Nem sempre os maiores pesadelos de Dylan Dog têm origem no sobrenatural. Em O Longo Adeus, clássico publicado originalmente em 1992 por Tiziano Sclavi e Mauro Marcheselli, com arte de Carlo Ambrosini, o Investigador do Pesadelo descobre que as lembranças podem ser muito mais assombradas do que qualquer monstro.
Tudo começa quando Dylan reencontra Marina Kimball, seu primeiro grande amor. A partir desse encontro, a narrativa alterna presente e passado para reconstruir o romance vivido pelos dois anos antes. Em vez de apostar em grandes reviravoltas ou elementos sobrenaturais, Sclavi concentra sua atenção nas lembranças, nos sentimentos e na inevitável passagem do tempo, transformando a memória na verdadeira protagonista da história.
O grande mérito do roteiro está justamente em sua humanidade. O terror, marca registrada da série, permanece apenas como uma sombra distante. O verdadeiro medo aqui é outro: perceber que alguns momentos jamais poderão ser revividos e que certas despedidas continuam ecoando por toda a vida. É uma HQ sobre o primeiro amor, as escolhas que moldam nosso destino e a melancolia de olhar para trás sabendo que o passado existe apenas na memória.
Marina Kimball também se destaca como uma das personagens femininas mais marcantes da trajetória de Dylan Dog. Longe de ser apenas um interesse romântico, ela possui personalidade, dúvidas e fragilidades que tornam a relação entre os dois extremamente crível. É justamente essa construção cuidadosa que faz com que o desfecho alcance um impacto emocional raro nos quadrinhos.
Os desenhos de Carlo Ambrosini complementam perfeitamente o tom da narrativa.

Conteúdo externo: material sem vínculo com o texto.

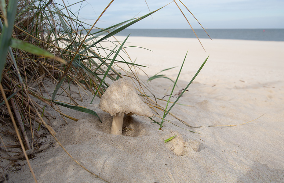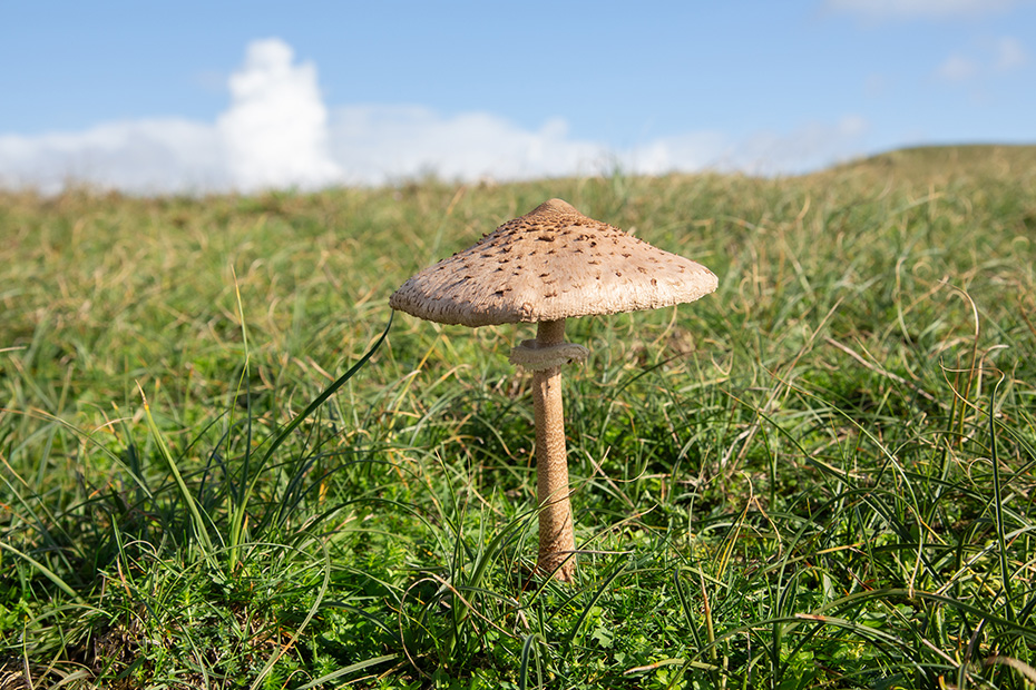 Onderweg kwamen we tot onze verrassing nog bloeiende korenbloemen en koekoeksbloemen tegen. Op een duin stond deze forse parasolzwam.
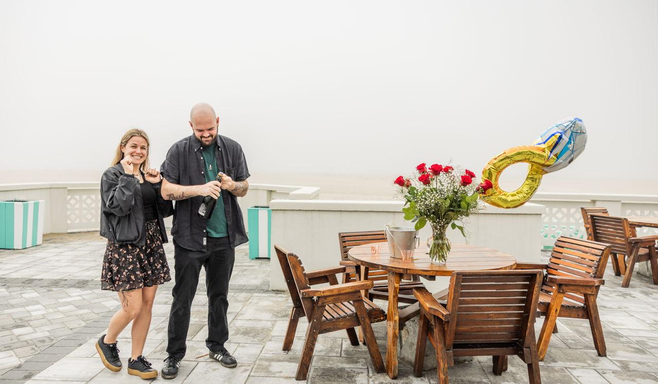 Like all great summer stories, ours began with sun, sand, and a little bit of scandal (just kidding… mostly). We started our journey working at Catalina Beach Club — Cody was the charming (and slightly overworked) cabana boy, and Stephanie was the cute receptionist in the office. We spent years working side by side, cracking jokes, dodging chaos, and maybe not-so-innocently flirting between shifts. Stephanie was the older, wiser one, and Cody was the cute younger guy who somehow made hauling chairs look… kind of hot? Definitely hot. Despite the undeniable chemistry, we never dated back then. But fast forward six years — no sand, no uniforms, just a completely unexpected reunion — and sparks flew like never before. This time, it wasn’t just playful banter. It was real. Cody proposed in the most full-circle way possible — back at the beach club where it all began. No chair carts, no members yelling for ice cream on the beach, just the two of us and a very easy “yes.” Now we’re finally upgrading to a lifetime pass — and we can’t wait to celebrate with you!

A expressividade dos rostos, o uso preciso das sombras e a condução quase silenciosa de diversas cenas ampliam a carga emocional do roteiro. Muitas vezes, um simples olhar comunica mais do que páginas inteiras de diálogos.
Não por acaso, O Longo Adeus aparece com frequência entre as melhores histórias de Dylan Dog em listas elaboradas por fãs e críticos. Desde sua publicação original, tornou-se um marco da série por demonstrar que Tiziano Sclavi não precisava recorrer aos monstros ou ao horror explícito para criar uma narrativa inesquecível. Seu maior talento sempre esteve na capacidade de explorar as emoções, os medos e as fragilidades humanas com rara sensibilidade. A história foi publicada pela Panini como o sétimo volume da Biblioteca Dylan Dog, em uma bela edição de capa dura, formato americano e papel couché, enriquecida pelo roteiro completo de Sclavi como material extra. É a oportunidade perfeita para conhecer ou revisitar aquela que, para muitos leitores, permanece como a história mais emocionante já protagonizada pelo Investigador do Pesadelo.
Mais de três décadas depois, a obra permanece atual e talvez até mais poderosa. Afinal, quanto mais experiências acumulamos, mais fácil é reconhecer em Dylan e Marina sentimentos universais como saudade, arrependimento e a difícil aceitação de que alguns capítulos da vida precisam permanecer exatamente onde estão: nas lembranças. É uma leitura delicada, madura e profundamente tocante, que confirma por que Dylan Dog continua sendo um dos personagens mais fascinantes dos quadrinhos europeus.